#Avoid implicit move semantics for reference-safe match-destructuring within closure

I am working with machine-generating Rust code and came across a particularly gnarly case of use-after-move in a piece of code that was naively produced by the generation process.

In short, I am processing a data structure (laid out in binary but that isn't very important for the particular problem-at-hand), that could be one of several distinct formats that are distinguished by parse-failure that falls through into parsing the next alternative in a top-level method. Each individual piece of a prospective data-structure might either get its own parsing function, or an anonymous thunk that is immediately called, to allow things like try-expressions to be caught by the right bounding scope and not short-circuit the entire function body, just the field that might or might not succeed a parse.

I recently encountered a snag when processing a data format with an optional field followed by a dependently-optional (Some if Some, None if None) computed field based on the prior.

In the model of the generated code, this uses std::option::Option.

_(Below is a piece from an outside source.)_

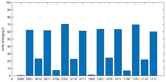 Different logic values are written through the write operation, and the energy consumption of 16 write operations is simulated. The simulation results are shown in Figure 20. Due to the different write steps and write voltages of different logic values, the energy consumption will be affected.
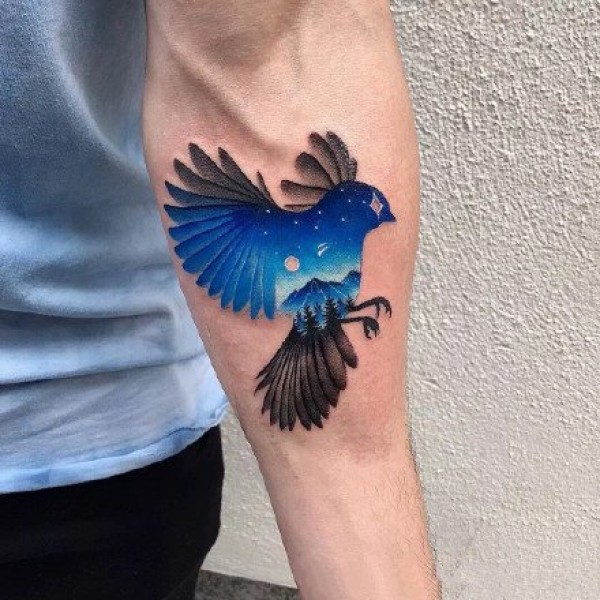 一组炫彩色星空星球宇宙相关的纹身图案作品

Heavily simplified microcosm of what is going wrong:

fn main() {
    let y = Some(vec![1, 2, 3]);
    let x = (|| match y { Some(z) => Some(z.clone()), None => None } )();
    println!("{:?}, {:?}", y, x);
}

Attempting to compile this yields a use-after-move error, since y is implicitly captured as an owned value (as we have match y and not match y.clone() or match &y, both of which would solve the problem) by the closure used to evaluate x, and later used again after x is computed.

Despite the naive example provided, the actual code that is being produced cannot be beta-reduced, and inserting a & or .clone() to the scrutinee y in the closure-match is non-trivial because the code is being machine generated according to rules that apply to a lot of other cases, which can easily break in either case.

Is there a good way to solve this 'use-after-move' problem stemming from destructing Some?

Can you make the generator generate match y { Some(ref z) => ? That will keep the match from moving y.

I would have to look into what else that might affect, but that is potentially promising.

This is in this case equvalent to the effect of match &y, but since you get to pick on the pattern side rather than the scrutinee side it might be usefully different for your generation strategy.

Another angle would be match y.clone() {, which in the general case is expensive but might be cheap in the cases you actually care about.

y.clone() would definitely solve at least this case, but would be hard to prevent from spiking the runtime memory cost of many other match ... sites elsewhere in the generated code. Comparitively, implementing ref z would require a bit of added static-analysis to figure out whether referential binding is appropriate for how the bound variables are used, but certainly easier than selectively eliding the requisite & or clone(), at least in my assessment.